TASK REQUIREMENTS:
Give the data again exactly as it appears, excluding any pictures.

PROVIDED DATA:

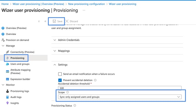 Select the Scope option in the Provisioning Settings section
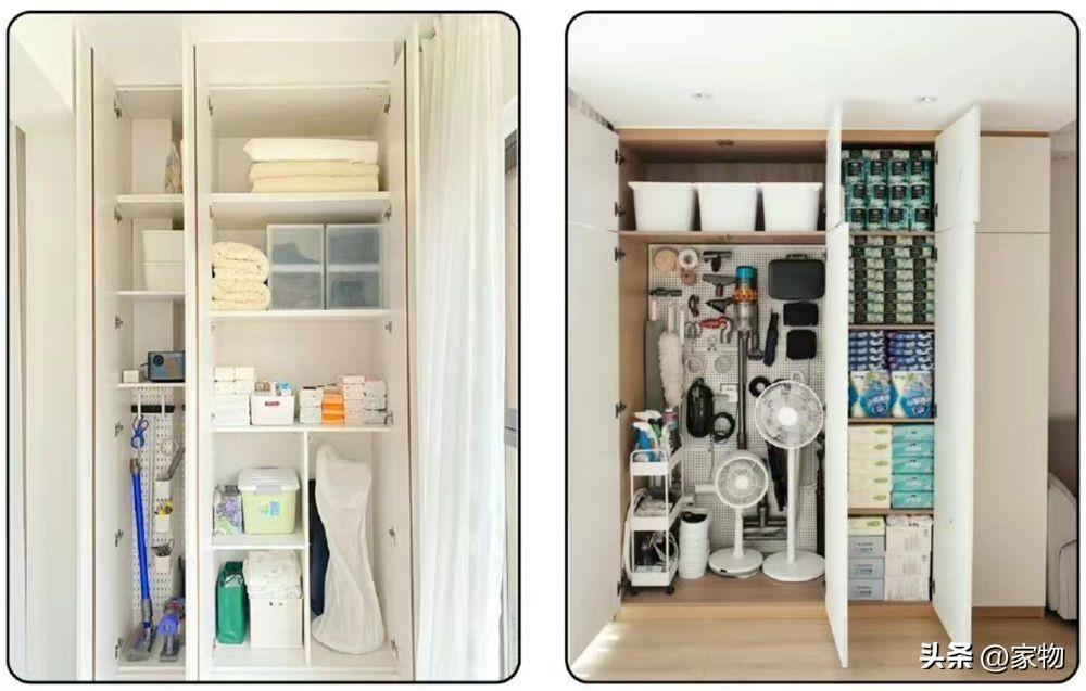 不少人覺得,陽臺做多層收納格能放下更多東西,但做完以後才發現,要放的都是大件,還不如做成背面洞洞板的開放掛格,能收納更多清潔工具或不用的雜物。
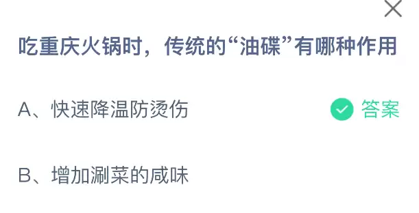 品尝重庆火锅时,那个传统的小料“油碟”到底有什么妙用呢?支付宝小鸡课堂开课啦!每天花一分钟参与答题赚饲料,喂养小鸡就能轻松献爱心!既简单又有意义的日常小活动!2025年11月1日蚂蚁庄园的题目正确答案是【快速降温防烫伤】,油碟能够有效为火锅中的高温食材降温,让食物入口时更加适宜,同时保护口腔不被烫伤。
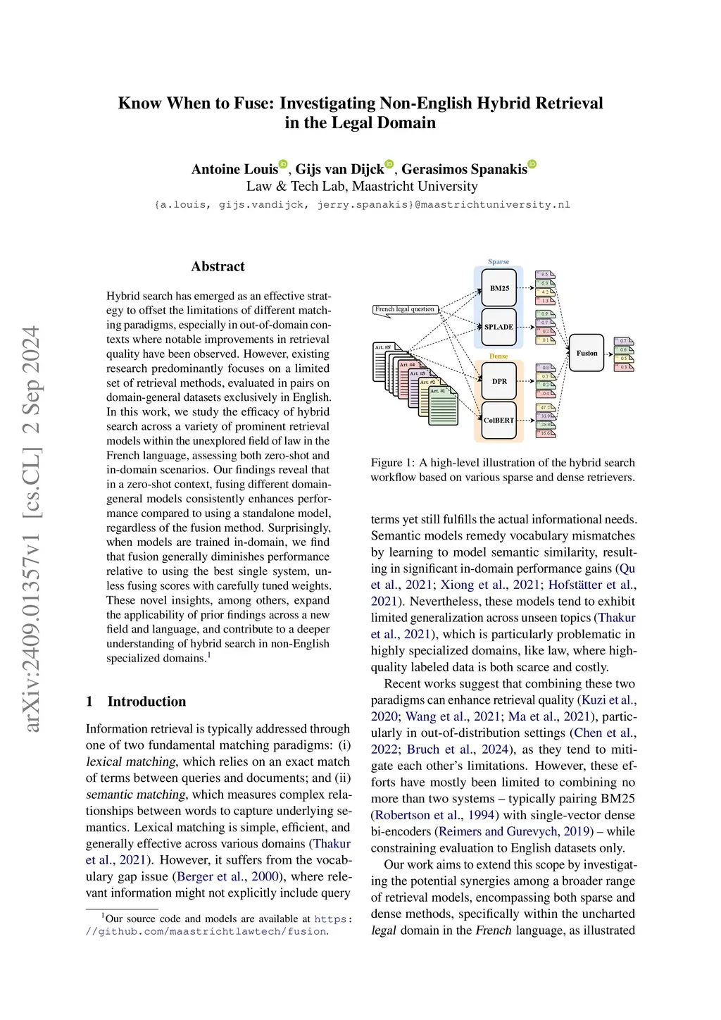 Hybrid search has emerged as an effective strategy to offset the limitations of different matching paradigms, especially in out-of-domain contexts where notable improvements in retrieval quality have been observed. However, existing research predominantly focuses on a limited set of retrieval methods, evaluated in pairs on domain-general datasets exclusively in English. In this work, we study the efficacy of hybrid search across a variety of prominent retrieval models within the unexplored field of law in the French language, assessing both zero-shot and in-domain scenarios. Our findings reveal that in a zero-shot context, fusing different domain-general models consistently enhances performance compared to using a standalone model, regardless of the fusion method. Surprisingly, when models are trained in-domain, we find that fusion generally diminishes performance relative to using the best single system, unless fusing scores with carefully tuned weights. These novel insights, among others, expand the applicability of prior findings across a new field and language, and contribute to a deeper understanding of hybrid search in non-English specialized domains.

RESPONSE BOX:
 Select the Scope option in the Provisioning Settings section
 不少人覺得,陽臺做多層收納格能放下更多東西,但做完以後才發現,要放的都是大件,還不如做成背面洞洞板的開放掛格,能收納更多清潔工具或不用的雜物。
 品尝重庆火锅时,那个传统的小料“油碟”到底有什么妙用呢?支付宝小鸡课堂开课啦!每天花一分钟参与答题赚饲料,喂养小鸡就能轻松献爱心!既简单又有意义的日常小活动!2025年11月1日蚂蚁庄园的题目正确答案是【快速降温防烫伤】,油碟能够有效为火锅中的高温食材降温,让食物入口时更加适宜,同时保护口腔不被烫伤。
 Hybrid search has emerged as an effective strategy to offset the limitations of different matching paradigms, especially in out-of-domain contexts where notable improvements in retrieval quality have been observed. However, existing research predominantly focuses on a limited set of retrieval methods, evaluated in pairs on domain-general datasets exclusively in English. In this work, we study the efficacy of hybrid search across a variety of prominent retrieval models within the unexplored field of law in the French language, assessing both zero-shot and in-domain scenarios. Our findings reveal that in a zero-shot context, fusing different domain-general models consistently enhances performance compared to using a standalone model, regardless of the fusion method. Surprisingly, when models are trained in-domain, we find that fusion generally diminishes performance relative to using the best single system, unless fusing scores with carefully tuned weights. These novel insights, among others, expand the applicability of prior findings across a new field and language, and contribute to a deeper understanding of hybrid search in non-English specialized domains.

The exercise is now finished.